I feel like I’m in a mini law school course here. Here’s what I’ve learned: If you know your client is guilty –
1) Try to besmirch the reputations of the witnesses to the crime. This includes ridiculing a military man for wearing his uniform to the court.
2) Try to make it look like the witnesses don’t agree on what they witnessed – even though they both describe witnessing the same things – by pointing out that one witness used the word “demand” in his description, while the other witness did not.
3) Try to pull the focus off the actual crime. Use “red herrings.” This includes focusing on one word (like, for instance, “bribery”) and noting that none of the witnesses have used this one word in describing what they saw.
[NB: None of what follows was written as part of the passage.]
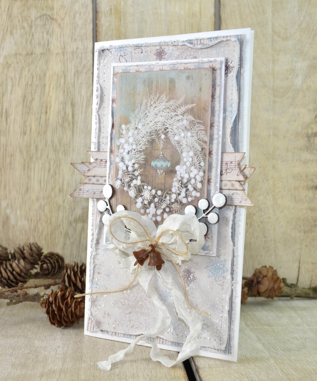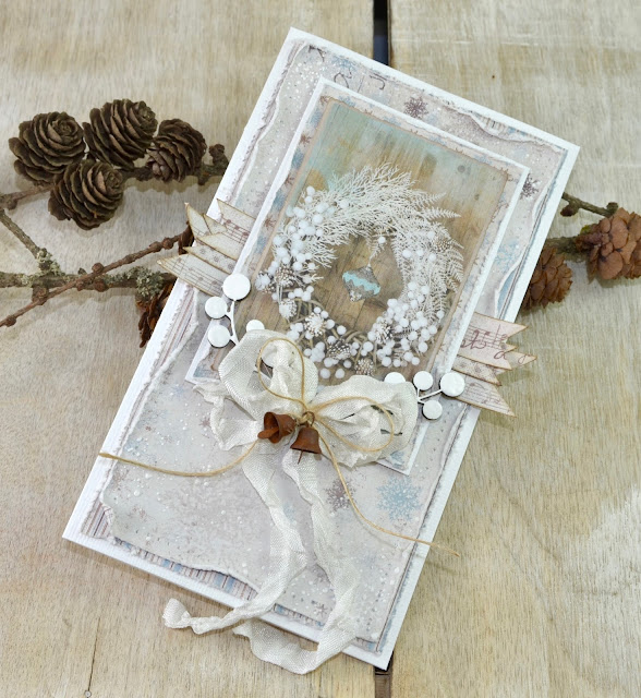 The whimsical Wycinanka Louvre Papillon frame has been adorned with pure white WOC blossoms and a sprinkling of Star Dust. This is one of my ultimate favorite chippies! It is encircled with Rockabilly ruffle trim, the most darling polka dot trim I have ever used. Wycinanka's Summer Wedding Border adds extra butterfly love.
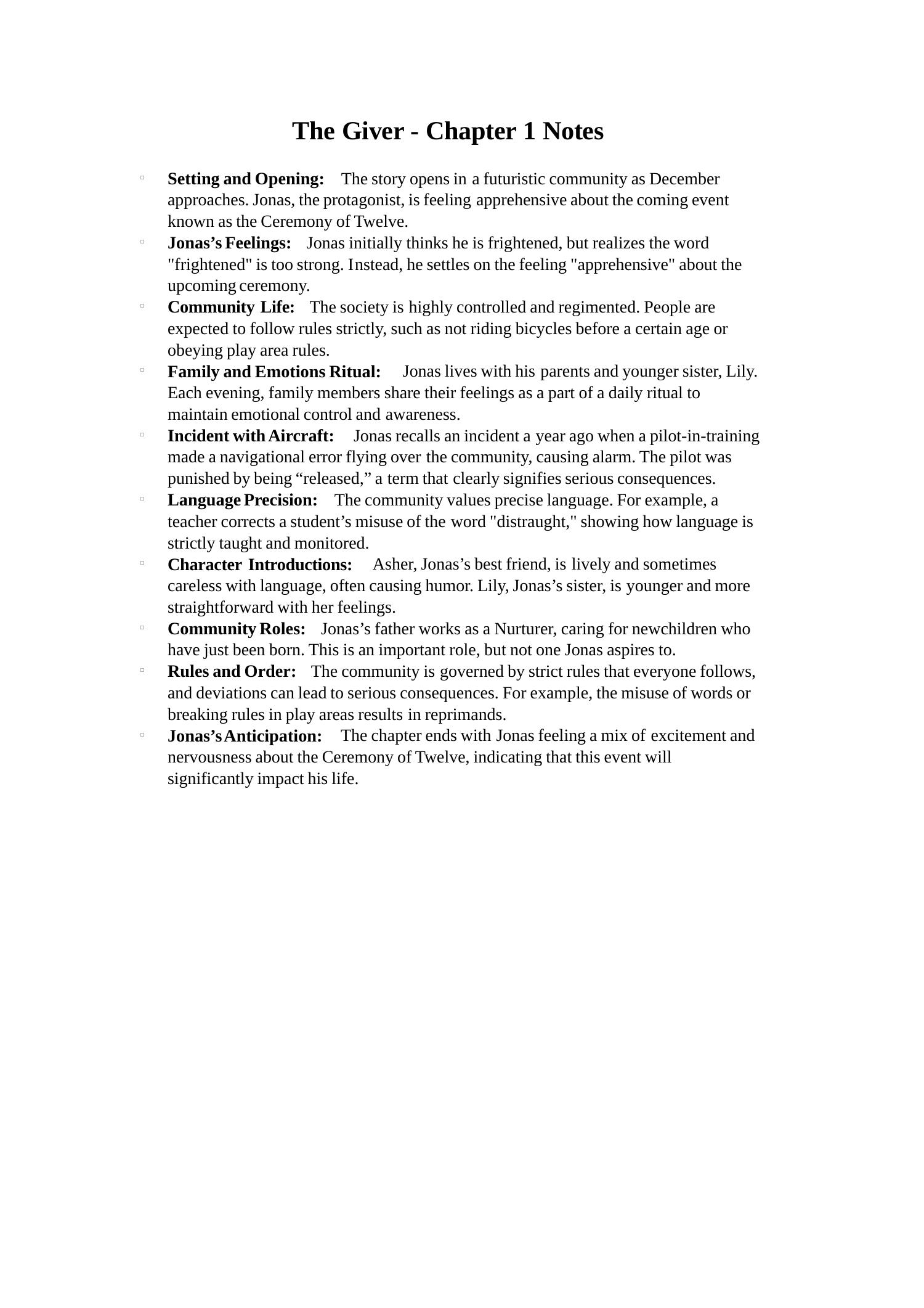 The Giver - Chapter 1 Notes

4) Make it look like a personal attack. Say the only reason this inquiry is taking place is because the people asking questions don’t like your client. (Ignore the fact that your client was caught committing the offense.)
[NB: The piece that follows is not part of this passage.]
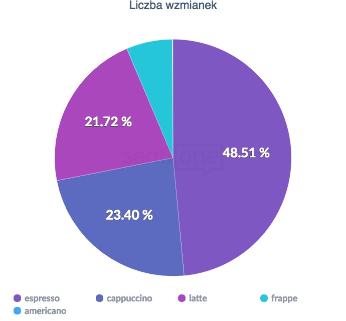 Wyróżnimy smakoszy i smakoszki latte, kawy mrożonej, espresso, irish coffee… Konfigurując temat w sposób bardziej zaawansowany dowiemy się, ilu z miłośników kawy czarnej wybiera sypaną, ilu rozpuszczalną, a którzy tę z ekspresu. Jakiej marki napar i o której godzinie chętniej piją kobiety. Które z nich do porannej kawy wybiorą croissanta, a które ciastko z cukierni?
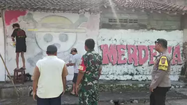 Penghapusan mural One Piece oleh pemuda di Dusun Temulawak, Kalurahan Triharjo, Sleman dengan dipantau oleh babinsa, bhabinkamtibmas serta dukuh setempat, Kamis (7/8/2025).

5) Try to ridicule the whole process. Call it a circus. Call it a farce. Belittle the importance of the process and infer it is a waste of everyone’s time.
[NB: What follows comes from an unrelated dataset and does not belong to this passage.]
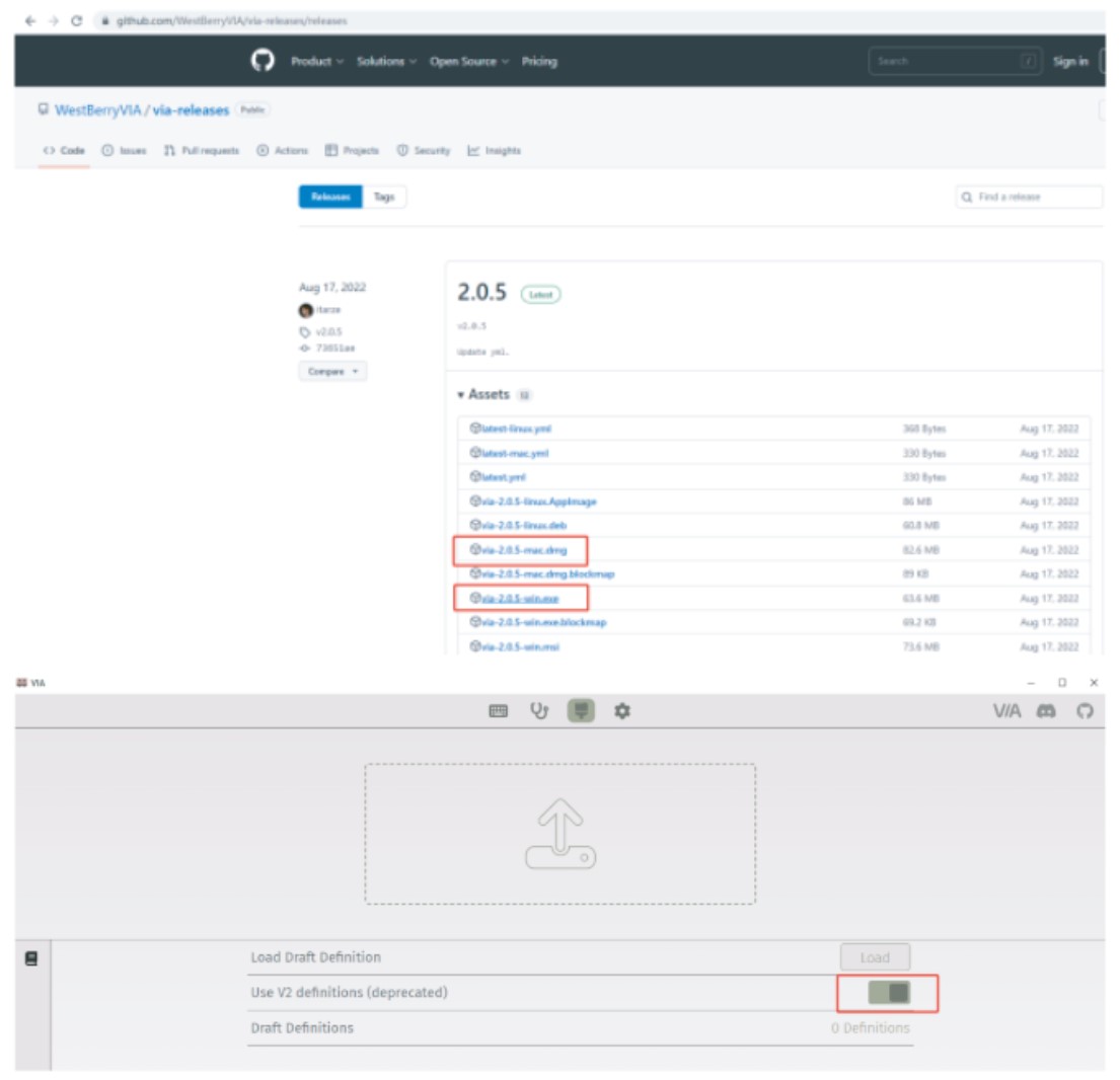 - Bước 1: Xin vui lòng truy cập https://github.com/WestBerryVIA/via-releases/releases để tải ứng dụng VIA mới nhất cho hệ điều hành máy tính tại đây. Mở phần mềm VIA và vui lòng nhấp vào Sử dụng định nghĩa V2 (không dùng nữa). Như ảnh sau Như ảnh sau hiển thị:

6) Talk about the millions of people who voted for your client. Infer that popularity is more important than truth. (Caveat: Do not talk about the millions of people who do not support your client. Do not talk about election interference by Russia that may have won the election for your client.)
7) Spin it. If your client is accused, for instance, of trying to get a foreign government to find dirt on his political rival in exchange for weapons paid for by tax-payer dollars – spin it so that your client looks honorable – like he was only trying to get rid of corruption. Never mind that your client showed no interest in learning about the corruption in this foreign government, or that the foreign government had already been cleared by United States intelligence. (“The Pentagon in May officially certified that it had seen enough anti-corruption progress to justify releasing the congressionally authorized aid, according to documents provided to The Associated Press.” Military Times, 9/29/19.)
Feel free to add on anything YOU have learned from the impeachment inquiry about defending a guilty client.